**Exercise requirements**
Please, in the data that follows, copy exactly the lines from the line with "नगरप्रहरीले तीन दिन" through the last one, both included. Do not include pictures.

**Data records**

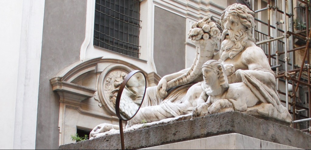 Lo specchio rimanda anche a un altro livello di visione: quello del sogno, che guida questa mia ricerca, e quello degli aspetti misterici legati al culto di Iside, che è la matrice sia dei manufatti del Tempio di Iside sia della statua del Nilo. Lo specchio è un segno che evoca il sorgere del sole e i concetti ad esso legati: luce, nascita, protezione e resurrezione, quest’ultimo concetto sviluppato proprio intorno al culto di Iside e Osiride. Infatti, lo specchio svolge diversi ruoli rituali: nei manufatti appartenenti ai culti e alle culture legate all’antico Egitto, appare raffigurato nelle danze e vicino al letto da parto durante l’allattamento, compare negli arredi funerari e viene offerto alle divinità, solitamente Iside o Hathor. Lo specchio, un’allegoria della natura ciclica del tempo e la rivelazione attraverso l’illuminazione e il rispecchiamento, è anche, insieme al pettine, un attributo iconografico della Sirena, e il Nilo, in quanto Corpo di Napoli, ovvero Corpo di Partenope, contiene, anche se per risonanza con le attribuzioni popolari, il corpo della Sirena. Lo Specchio Odontoiatrico Colossale sta a Flora (e al Nilo) come un’offerta che faccio agli esseri umani per osservare i sistemi di interconnessione e interdipendenza tra la nostra specie e quelle che rendono possibile il nostro essere nel mondo: siano esse orzo, grano e api o quelle a noi sconosciute. Invito a guardare alla Flora Maggiore, dea della fioritura dei cereali e di altre piante commestibili, come segno del compimento dell’incontro tra terra e acqua, tra Iside e Osiride.
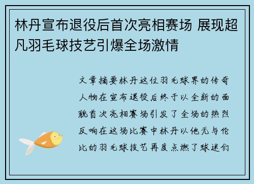 林丹,作为羽毛球界的传奇人物,凭借其卓越的实力与不屈的斗志,已经成为了羽坛历史上最具代表性的选手之一。近年来,尽管退役的消息一度让人感到惋惜,但近日他重返赛场的决定引发了广泛的关注和热议。球迷和专家们纷纷预测,林丹的回归可能将再度为羽毛球界带来一股新的风潮,甚至可能创造更多属于自己的羽坛传奇。在这个...
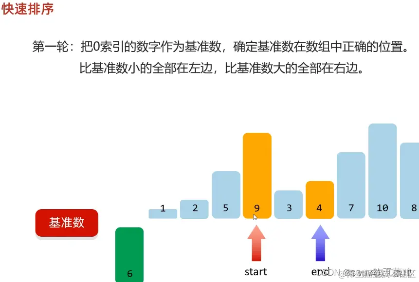 //就是拿着这个范围中的第一个数字,跟start指向的元素进行交换
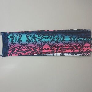This Boutique Brand Fold-Over Waistband Stretchy Maxi Skirt with Unfinished Hemline features a Unique Geo-Paisley Mix of Turquoise, Dark Blue, Hot Pink, White and Black Hues that will make you stand out from the crowd. Note: the print on this skirt is vertical rather than horizontal as in the stock photo, which is more slimming! Excellent Condition.
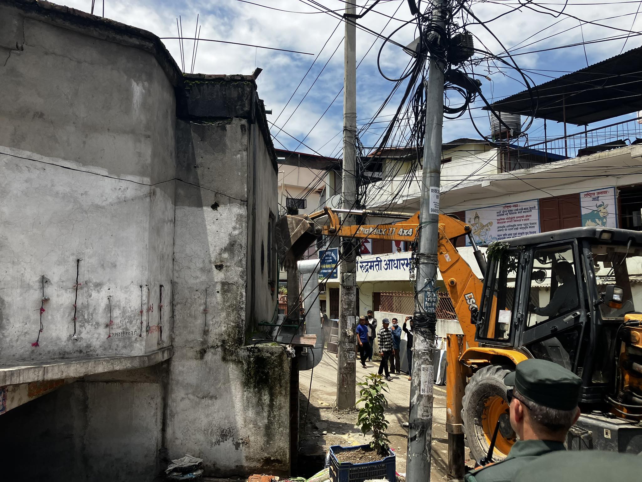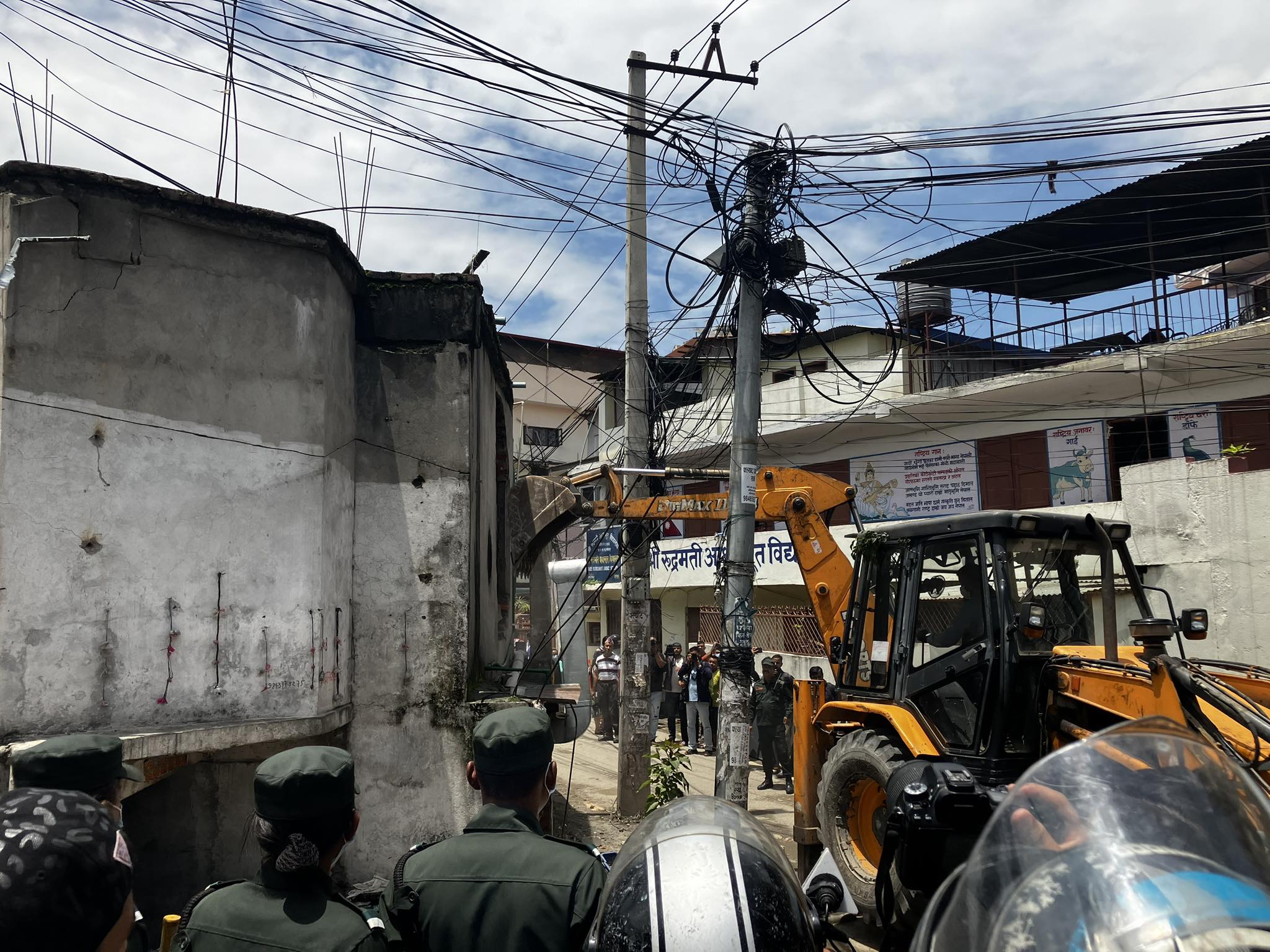 नगरप्रहरीले तीन दिन अघि उक्त भवन खाली गर्न भनेको थियो ।
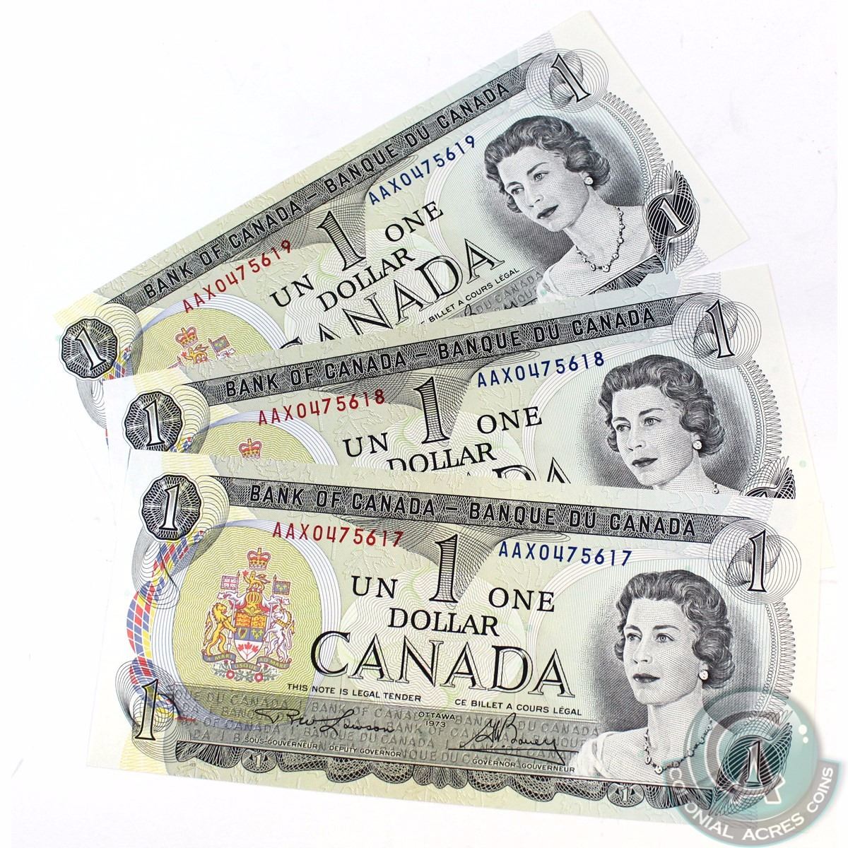 3 x 1973 Replacement $1 Notes with Lawson-Bouey Signatures, AAX Prefix and Consecutive Serial Numbers. 3pcs

**Written solution**
 नगरप्रहरीले तीन दिन अघि उक्त भवन खाली गर्न भनेको थियो ।
 3 x 1973 Replacement $1 Notes with Lawson-Bouey Signatures, AAX Prefix and Consecutive Serial Numbers. 3pcs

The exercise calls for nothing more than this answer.